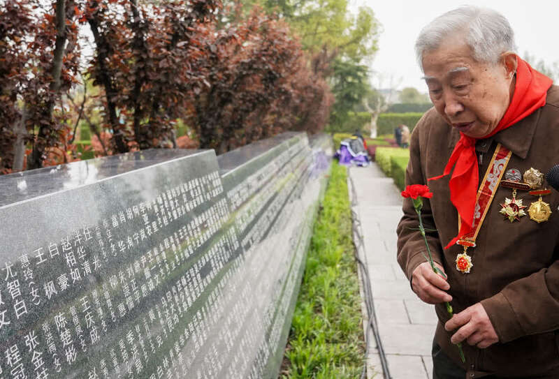 4月2日,新四军老战士刘天同在纪念墙前向老战友献花。新华社记者丁汀摄
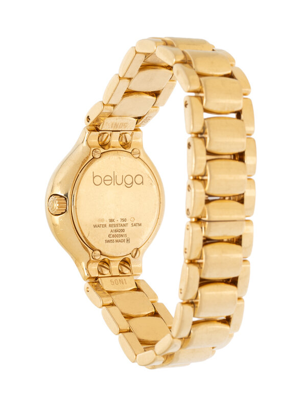 Stamps: Case back: beluga 18K 750 (Swiss hallmarks) WATER RESISTANT 5ATM A164200 8003N1S SWISS MADE. Bracelet: 750 (Swiss hallmarks) EBEL L02J50N1.
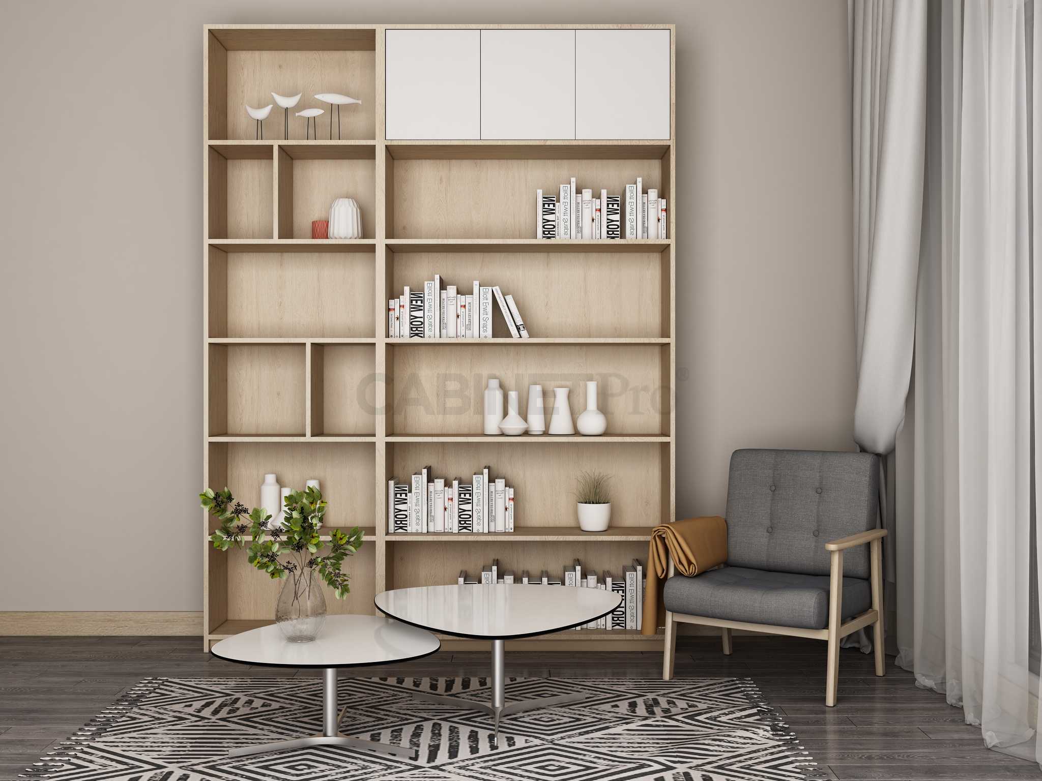 - Kích thước kệ sách: tùy theo kích thước phòng khách
# # # #
ACTIVITY
Could you reproduce all of the data above exactly and skip any image?

TASK RESPONSE
 4月2日,新四军老战士刘天同在纪念墙前向老战友献花。新华社记者丁汀摄
 Stamps: Case back: beluga 18K 750 (Swiss hallmarks) WATER RESISTANT 5ATM A164200 8003N1S SWISS MADE. Bracelet: 750 (Swiss hallmarks) EBEL L02J50N1.
 - Kích thước kệ sách: tùy theo kích thước phòng khách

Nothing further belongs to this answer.